Antony and Cleopatra

The play influenced both Barnabe Barnes’s play The Devil’s Charter, performed by the King’s Men in February 1607, and Samuel Daniel’s revision of his own 1594 play about Cleopatra, which was reprinted in 1607. Scholars argue that its style dates it to 1606.

Though Edward Blount registered the play at the Stationers’ Company on 20th May 1608, it wasn’t printed before appearing in the First Folio in 1623. It was probably typeset from Shakespeare’s draft manuscripts, or a transcript of them, with minor corrections from Heminge and Condell.


Anthony & Cleopatra

‘Noblest of men, woo’t die?
Hast thou no care of me?

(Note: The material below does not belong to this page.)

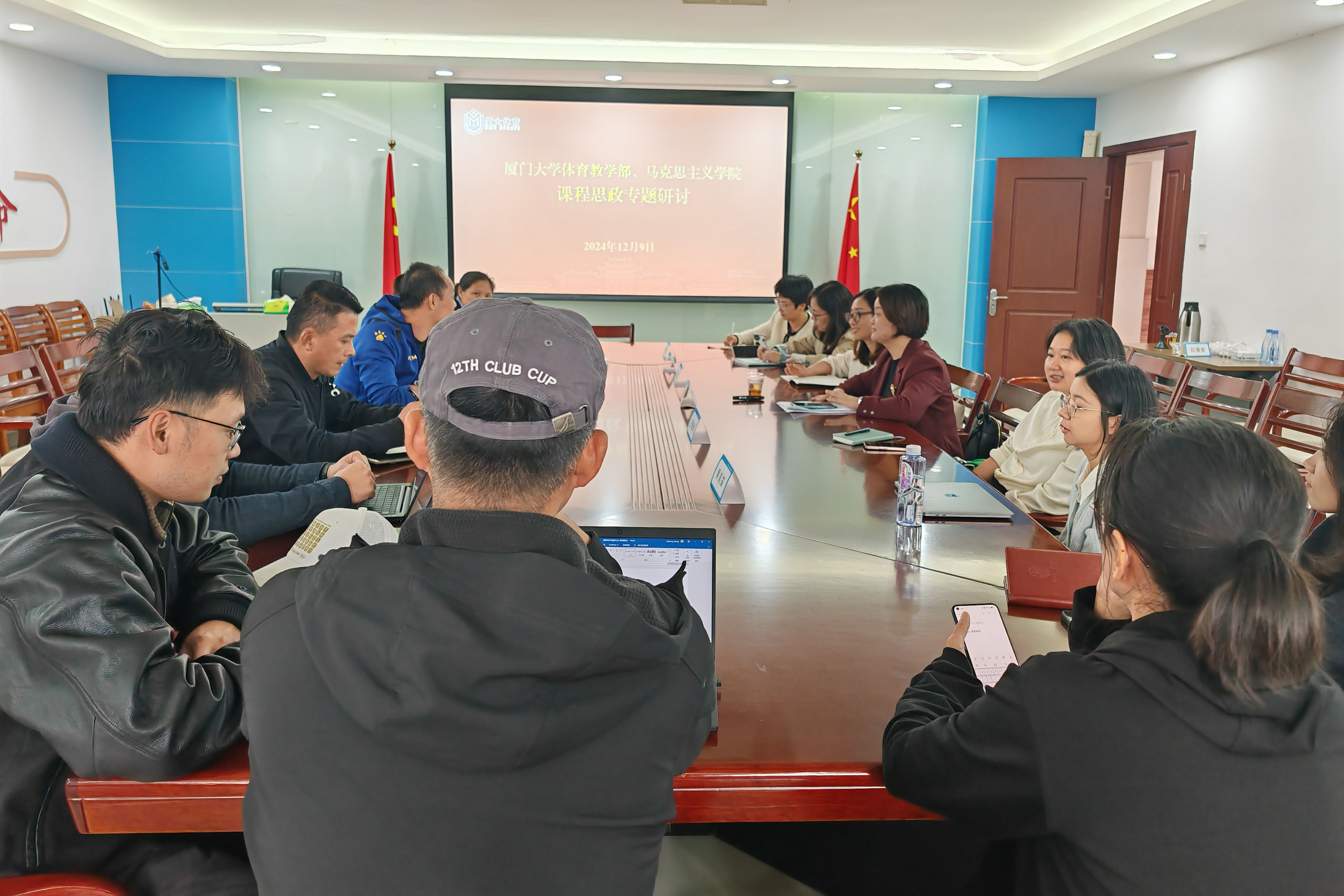专题报告会结束后,体育教学部党委和马克思主义学院党委还就课程思政建设开展了专题研讨。双方骨干教师代表围绕体育思政元素、课程思政建设、教学教改项目申报等进行了热烈讨论,为后续课程思政建设的理论创新与实践探索打下良好基础。

Shall I abide
In this dull world, which in thy absence is
No better than a sty?’

Antony and Cleopatra, IV xv

Brief synopsis of the play

The great Mark Antony, joint leader of the Roman Empire, becomes intoxicated by love for the alluring Cleopatra, Queen of Egypt, and when divisions emerge in the leadership, he betrays his Roman honour, deserts his wife and makes war on Octavius Caesar. The irrational and transcendent force of love conflicts with the deeply-held values by which both Antony and Cleopartra conduct their public lives, in this magnificent and poetic tragedy.